:: MATERIAL FOR THE TASK ::
● ● ● ● ●
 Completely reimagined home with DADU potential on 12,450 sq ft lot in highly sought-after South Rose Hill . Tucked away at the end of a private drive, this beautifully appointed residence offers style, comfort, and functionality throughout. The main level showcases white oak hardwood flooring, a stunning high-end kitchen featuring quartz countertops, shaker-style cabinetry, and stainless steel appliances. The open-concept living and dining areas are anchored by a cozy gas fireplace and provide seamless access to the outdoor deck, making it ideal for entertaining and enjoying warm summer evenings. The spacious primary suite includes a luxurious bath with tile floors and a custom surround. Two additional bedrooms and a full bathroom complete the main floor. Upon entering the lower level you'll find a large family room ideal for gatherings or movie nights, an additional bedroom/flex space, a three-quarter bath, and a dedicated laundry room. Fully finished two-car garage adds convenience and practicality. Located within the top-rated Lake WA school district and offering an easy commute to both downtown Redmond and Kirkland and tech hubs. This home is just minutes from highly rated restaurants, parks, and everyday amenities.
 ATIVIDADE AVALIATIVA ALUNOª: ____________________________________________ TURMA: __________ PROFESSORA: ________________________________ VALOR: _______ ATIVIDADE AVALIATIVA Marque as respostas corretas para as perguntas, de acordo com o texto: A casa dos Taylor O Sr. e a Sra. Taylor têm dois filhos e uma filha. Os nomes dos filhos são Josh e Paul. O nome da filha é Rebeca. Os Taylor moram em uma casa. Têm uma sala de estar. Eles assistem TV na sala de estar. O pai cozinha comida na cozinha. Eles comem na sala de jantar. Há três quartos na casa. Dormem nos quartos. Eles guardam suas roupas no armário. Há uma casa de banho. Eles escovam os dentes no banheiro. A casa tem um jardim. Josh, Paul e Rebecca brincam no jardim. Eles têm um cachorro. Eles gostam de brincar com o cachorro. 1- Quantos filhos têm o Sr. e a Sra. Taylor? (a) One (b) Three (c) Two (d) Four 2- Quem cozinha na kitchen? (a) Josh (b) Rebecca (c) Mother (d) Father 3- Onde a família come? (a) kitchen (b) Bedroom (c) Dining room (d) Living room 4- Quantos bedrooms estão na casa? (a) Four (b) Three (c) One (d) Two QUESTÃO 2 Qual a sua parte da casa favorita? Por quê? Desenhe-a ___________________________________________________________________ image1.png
● ● ● ● ●
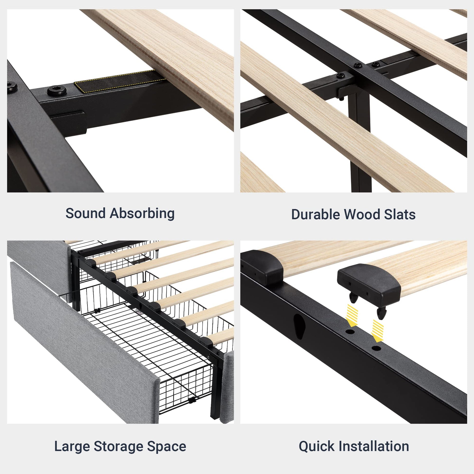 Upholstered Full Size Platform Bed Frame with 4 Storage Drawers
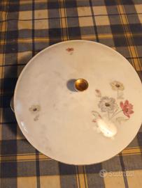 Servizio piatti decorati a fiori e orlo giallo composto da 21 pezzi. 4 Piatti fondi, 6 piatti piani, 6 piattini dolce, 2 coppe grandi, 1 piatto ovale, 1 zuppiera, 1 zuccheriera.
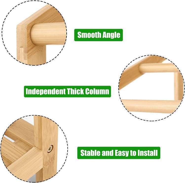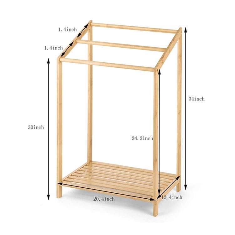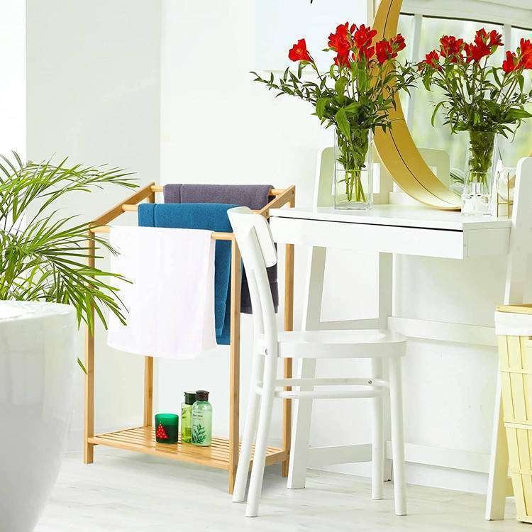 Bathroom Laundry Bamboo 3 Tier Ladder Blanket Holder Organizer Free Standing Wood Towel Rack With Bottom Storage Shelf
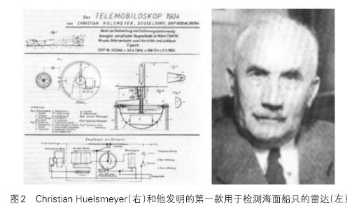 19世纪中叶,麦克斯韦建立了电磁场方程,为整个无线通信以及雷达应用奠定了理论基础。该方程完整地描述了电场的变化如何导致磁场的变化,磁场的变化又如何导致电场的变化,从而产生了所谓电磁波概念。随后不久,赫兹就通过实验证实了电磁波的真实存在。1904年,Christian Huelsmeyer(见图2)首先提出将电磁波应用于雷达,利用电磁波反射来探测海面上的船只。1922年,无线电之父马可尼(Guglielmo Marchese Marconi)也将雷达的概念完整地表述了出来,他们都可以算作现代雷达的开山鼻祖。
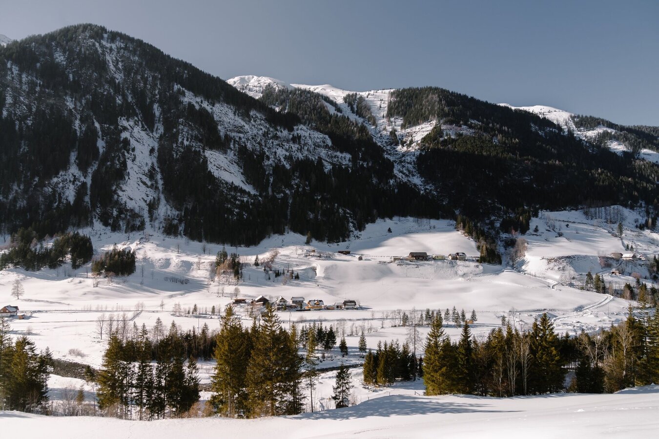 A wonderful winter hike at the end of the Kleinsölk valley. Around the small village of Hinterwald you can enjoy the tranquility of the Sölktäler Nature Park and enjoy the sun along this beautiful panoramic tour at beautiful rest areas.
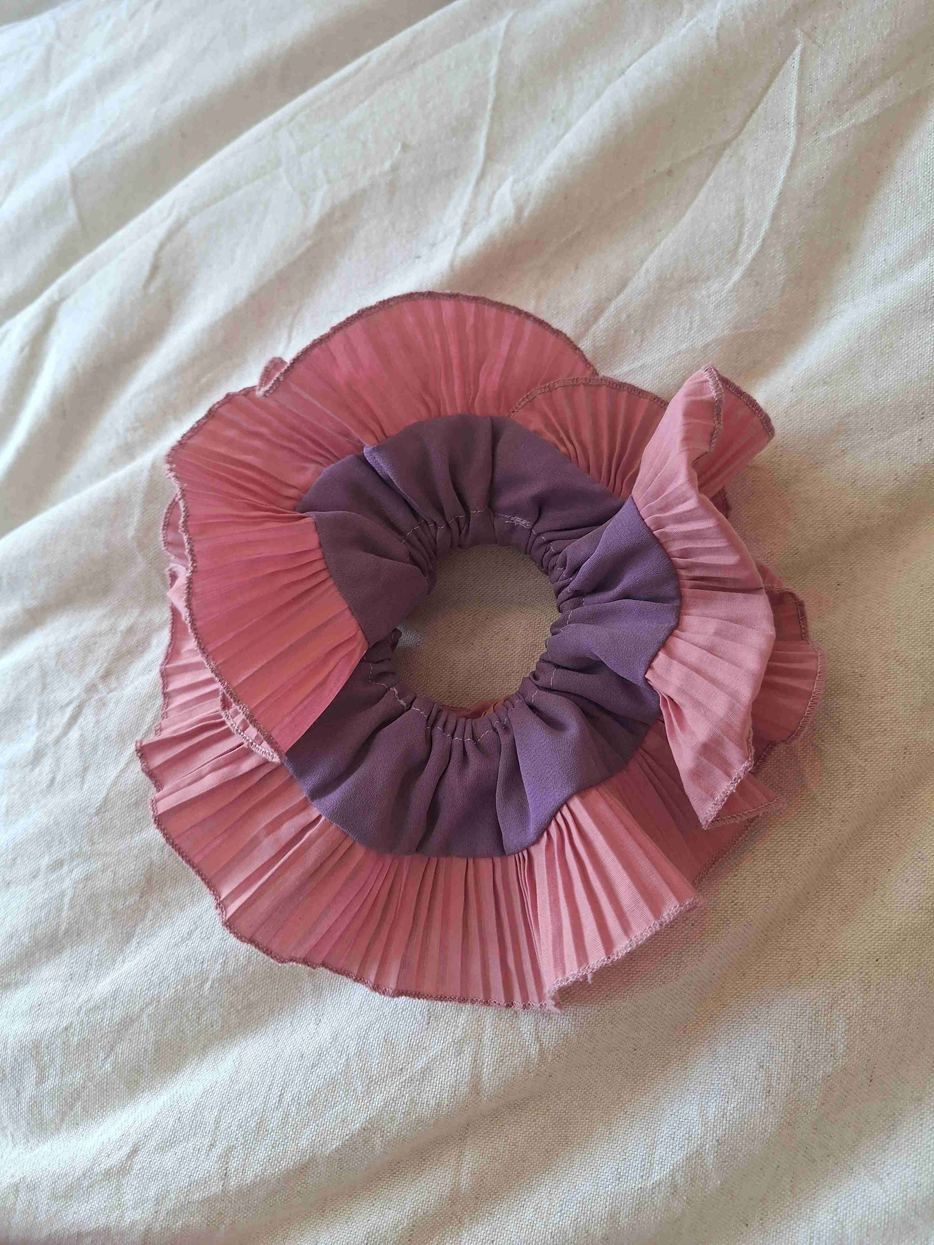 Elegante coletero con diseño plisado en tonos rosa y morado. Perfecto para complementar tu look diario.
● ● ● ● ●
:: TASK STATEMENT ::
The answer is those lines of the material above that run from the one containing "Bathroom Laundry Bamboo" up to and including the one containing "Elegante coletero con", restated exactly and without images.

:: SOLUTION TO THE PROBLEM ::
 Bathroom Laundry Bamboo 3 Tier Ladder Blanket Holder Organizer Free Standing Wood Towel Rack With Bottom Storage Shelf
 19世纪中叶,麦克斯韦建立了电磁场方程,为整个无线通信以及雷达应用奠定了理论基础。该方程完整地描述了电场的变化如何导致磁场的变化,磁场的变化又如何导致电场的变化,从而产生了所谓电磁波概念。随后不久,赫兹就通过实验证实了电磁波的真实存在。1904年,Christian Huelsmeyer(见图2)首先提出将电磁波应用于雷达,利用电磁波反射来探测海面上的船只。1922年,无线电之父马可尼(Guglielmo Marchese Marconi)也将雷达的概念完整地表述了出来,他们都可以算作现代雷达的开山鼻祖。
 A wonderful winter hike at the end of the Kleinsölk valley. Around the small village of Hinterwald you can enjoy the tranquility of the Sölktäler Nature Park and enjoy the sun along this beautiful panoramic tour at beautiful rest areas.
 Elegante coletero con diseño plisado en tonos rosa y morado. Perfecto para complementar tu look diario.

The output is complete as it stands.